- 12 June 2020, Queen Mary University of London
- Organizer: Camille Creyghton (QMUL/University of Amsterdam)
- Keynote Speaker: prof. Maurizio Isabella (QMUL)
- To submit a paper or propose a panel, please email a short C.V. alongside an abstract to email@example.com. Abstracts should be no more than 300 words for papers of 20 minutes in length. The call for papers will close on 23 March 2020 at 23.59 GMT. Successful applicants will be notified no later than 6 April.
- For any additional information or queries, please contact: firstname.lastname@example.org
- See also: https://revolutionarycosmopolitanism.blogspot.

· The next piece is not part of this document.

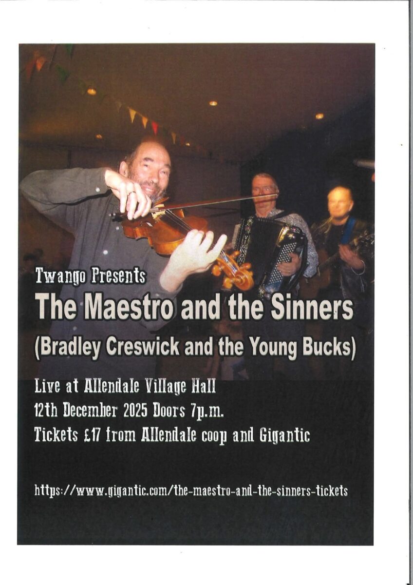 The Maestro and The Sinners Calendar When: 12th December 2025 @ 5:00 pm – 10:30 pm 2025-12-12T17:00:00+00:00 2025-12-12T22:30:00+00:00 Where: Main Hall OR Small hall Contact: Phil Ogg 07974649719 Email Music

Napoleon’s fall and the settlement of the Vienna Congress in 1815 in no way represented the end of the era of revolutions and political uprisings. To the contrary, several waves of revolution would follow in the Atlantic world in the 1820s and 1830s, culminating in the 1848 ‘springtime of the peoples’ in large parts of Europe and beyond. These subsequent waves of revolution are increasingly studied from transnational perspectives focussing on, for instance, Mediterranean connections in the 1820s (Isabella and Zanou 2016), a ‘common European revolutionary culture’ in 1848 (Freitag 2003) or the global context (Armitage and Subrahmanyam 2007).

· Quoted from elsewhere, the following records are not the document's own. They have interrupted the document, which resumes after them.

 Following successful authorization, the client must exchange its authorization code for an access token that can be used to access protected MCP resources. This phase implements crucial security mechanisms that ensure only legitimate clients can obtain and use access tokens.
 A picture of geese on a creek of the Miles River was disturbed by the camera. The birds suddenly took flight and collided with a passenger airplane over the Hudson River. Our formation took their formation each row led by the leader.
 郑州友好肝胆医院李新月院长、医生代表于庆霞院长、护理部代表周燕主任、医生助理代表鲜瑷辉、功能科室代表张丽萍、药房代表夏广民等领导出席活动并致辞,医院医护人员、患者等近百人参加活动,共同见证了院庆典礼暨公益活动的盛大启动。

The same period saw large numbers of people moving beyond state boundaries: tens of thousands of young German craftsmen found employment in Paris and London; impoverished Germans and Irish crossed the Atlantic in search for a better life in the United States; the suppression of the Polish November Uprising in the beginning of 1831 led to what is known as the Great Polish Emigration; and several thousand free Black Americans settled on the coasts of West Africa creating new societies such as Liberia. Apart from these large-scale movements, a couple of individual cases are well-known, such as Garibaldi’s activities in Latin America or Robert Owen’s attempts to create a self-sufficient community in Indiana. In addition, expanding colonialism and increasing cross-boundary traffic led to the mobility of ever larger numbers of seamen, soldiers, colonizers and colonized. Following Jan and Leo Lucassen’s model for cross-cultural migration (2009), these movements of people have to be considered genuine forms of migration too.

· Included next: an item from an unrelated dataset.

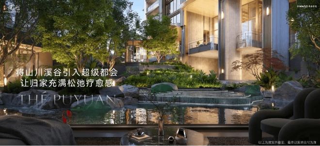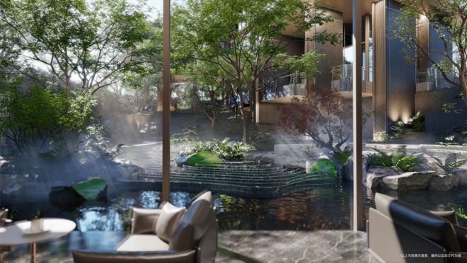 :外立面采用玻璃、铝板与专属定制的金属釉陶艺结合,形成动态光影体系,赋予建筑更多生命力与动感。社区内首创“疗愈式垂直峡谷生态体”,近7米高差下沉庭院搭配约8.3米架空层挑高空间,将峡湾、密林、溪涧、山丘融入园林景观,形成流动的感官通廊。

Although many of these migrant movements can be associated with political uprisings, only few connections have been made between the study of migration history and history of political thought and practices. Migration history, with its roots in labour history, tends to focus on social and economic aspects of migration and ignores how migration informed the transfer of ideas. Research on revolutionary cosmopolitanism concentrates on the eighteenth century and presumes that cosmopolitanism came to an end after the 1789 French Revolution due to the rise of nationalism (Palmer 1959; Polasky 2015). That this has hardly been contested so far is due in part to the fact that nineteenth-century revolutionaries are still mostly researched in national contexts, leaving aside their transnational connections, the imperial geographies in which many of them operated, and their experiences of migration (as is shown by Panter 2015).
This one-day conference aims to open a conversation between these different strands of research. How did experiences of migration and cross-boundary mobility contribute to the formation of common revolutionary cultures in the period 1815-1848? To what extent did revolutionary cosmopolitanism survive into the first half of the 19th century? What forms of interplay existed between transnational migrations, cosmopolitanism, the rise of nationalism and imperial reform movements? These are the questions this conference intends to address.
We invite submissions from researchers in the history of political thought, cultural history, migration history and nationalism studies, working on different geographical areas in the period 1815-1848. Postgraduate and early career researchers are especially encouraged to apply.
Possible topics include:
- diasporic nationalism;
- transatlantic migrations and political upheaval;
- abolitionism, black emancipation and migration;
- diaspora and connected Mediterranean revolutions;
- imperial reform movements, nationalism and international order;
- exile and revolutionary activism;
- political activities of working-class migrants;
- political practices in migrant communities.
This conference is part of the project ‘Revolution in exile: Transfer of ideas among émigré intellectuals in Paris and London, 1815-1848, funded by the Dutch Research Council. For postgraduate, early career researchers and researchers without regular funding coming from outside London, travel expenses will be subsidized up to an amount of £ 70.